The cells were seeded in a 24 well plates at a density of 1000 cells/well. After 24 h, different concentrations of compounds were added and treated for 6–8 days. Cells were fixed with 10% paraformaldehyde, stained with 0.1% crystal violet, and the absorbance of each well was measured by scanning the area at 550 nm with a microplate reader (Biotek, SYNERGY HTX, Winooski, VT, USA).

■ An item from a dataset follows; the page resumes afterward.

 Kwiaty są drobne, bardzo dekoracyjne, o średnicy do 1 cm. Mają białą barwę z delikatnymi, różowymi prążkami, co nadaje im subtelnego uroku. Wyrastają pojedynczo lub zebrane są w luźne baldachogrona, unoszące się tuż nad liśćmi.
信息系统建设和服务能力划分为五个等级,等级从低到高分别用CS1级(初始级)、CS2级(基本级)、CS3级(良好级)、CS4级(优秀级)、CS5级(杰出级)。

4.2.5. Western Blot Analysis

The cells are extracted from the protein extract solution, separated by sodium dodecyl sulfate polyacrylamide gel electrophoresis, and then transferred to a polyvinylidene fluoride (PVDF) membrane. They were blocked with 5% milk, placed the membrane at 4 °C to bind with the specific primary antibody for 15–18 h and then, rinsed with phosphate buffer containing 0.1% Tween; the secondary antibody was incubated for 1 h, and then rinsed with PBST. The Pierce super signal chemiluminescence substrate was added, and immediately the Chemi Doc system was used for blot imaging (Bio-Rad, Hercules, CA, USA). ImageJ software was used to perform grayscale analysis, and compared with the control group, and the expression level of related proteins was normalized through the expression of the internal reference protein.

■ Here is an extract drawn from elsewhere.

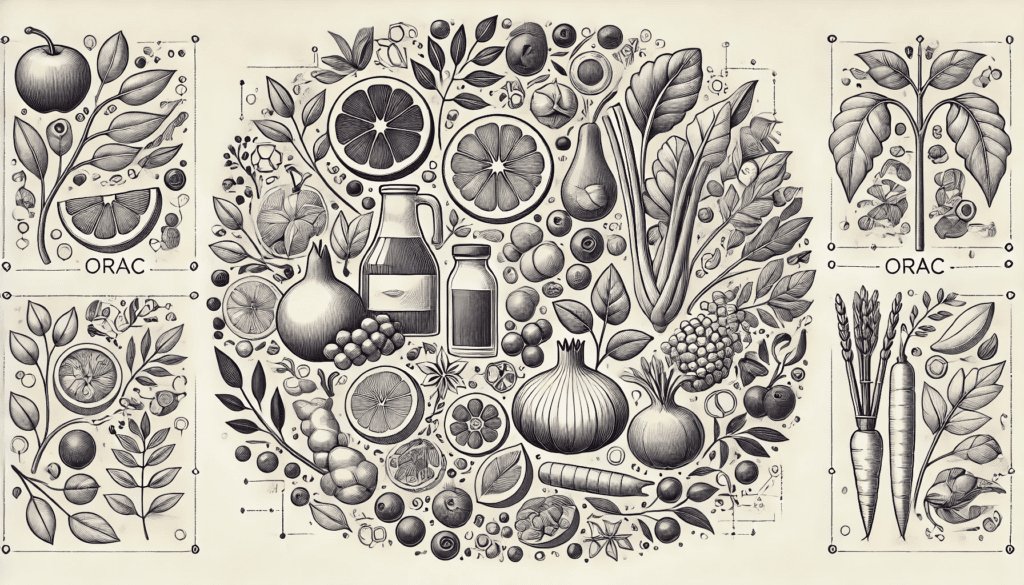 ORAC値が直接の健康効果を示さないとしても、抗酸化物質を多く含む食品をバランスよく摂取することは、酸化ストレスを軽減するための一つの手段です。抗酸化物質は、体内でのフリーラジカルを中和し、細胞の酸化ダメージを防ぐ役割を果たします。以下は代表的な抗酸化物質とそれを含む食品です。

4.2.6. Statistical Analyses

All data were statistically analyzed using the Bonferroni test function of SPSS software and GraphPad Prism software. The two groups of experiments used Student’s t-test, and the two or more groups used one-way analysis of variance to evaluate the significance of differences between the groups. The graph was generated using GraphPad Prism 6.0 software. * p < 0.05, ** p < 0.01, and *** p < 0.001.

5. Conclusions

In summary, we designed and synthesized 10 biguanide compounds containing trifluoromethoxy group, fixed the trifluoromethoxy group on one side of the benzene ring of the biguanide group and changed the side chain on the other side. The anti-proliferative activities of the synthesized compounds were tested; we found that there is an optimized carbon chain length in the range from 6C to 8C with maximum anti-proliferative activities. In order to further explore the anti-tumor mechanism of the compound, Western blot results show that compound 8C (n-octyl) has a dramatic effect on the AMPK-mTOR signal pathway. Therefore, on the basis of this study, we came to a conclusion that for the structural modification of biguanide derivatives, when the carbon chain is in the range of n-amyl to n-octyl, the biguanide derivatives have maximum anti-proliferative activities, which will guide the subsequent development of biguanide compounds in future. In meantime, we believe that 8C is a promising anti-cancer drug targeting the AMPK pathway, which is worthy of further study.